WHAT IS REQUIRED: Below are entries; copy exactly the lines from the one with "В его части" through the one with "Слайд 12Дошкольное детство", both included, and leave out the rest.

---------- EXTRACTED DATA ----------

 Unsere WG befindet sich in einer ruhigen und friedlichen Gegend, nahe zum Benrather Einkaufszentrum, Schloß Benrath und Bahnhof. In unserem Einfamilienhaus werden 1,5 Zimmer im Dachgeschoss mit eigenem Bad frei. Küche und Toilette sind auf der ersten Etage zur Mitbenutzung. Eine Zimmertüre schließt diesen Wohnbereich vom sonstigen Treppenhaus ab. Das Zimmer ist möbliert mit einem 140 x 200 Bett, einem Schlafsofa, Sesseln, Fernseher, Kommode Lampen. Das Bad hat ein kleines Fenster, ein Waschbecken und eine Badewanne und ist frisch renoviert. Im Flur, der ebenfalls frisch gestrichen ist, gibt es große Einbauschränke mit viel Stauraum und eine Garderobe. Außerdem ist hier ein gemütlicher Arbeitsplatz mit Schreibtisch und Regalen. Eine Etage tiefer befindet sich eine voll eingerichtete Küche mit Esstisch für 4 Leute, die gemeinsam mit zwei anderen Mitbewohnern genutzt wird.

----------
---------- EXTRACTED DATA ----------

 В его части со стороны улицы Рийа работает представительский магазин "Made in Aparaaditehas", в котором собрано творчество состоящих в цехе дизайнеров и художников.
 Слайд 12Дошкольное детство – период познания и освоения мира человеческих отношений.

----------

ANSWER TO THE EXERCISE:
 В его части со стороны улицы Рийа работает представительский магазин "Made in Aparaaditehas", в котором собрано творчество состоящих в цехе дизайнеров и художников.
 Слайд 12Дошкольное детство – период познания и освоения мира человеческих отношений.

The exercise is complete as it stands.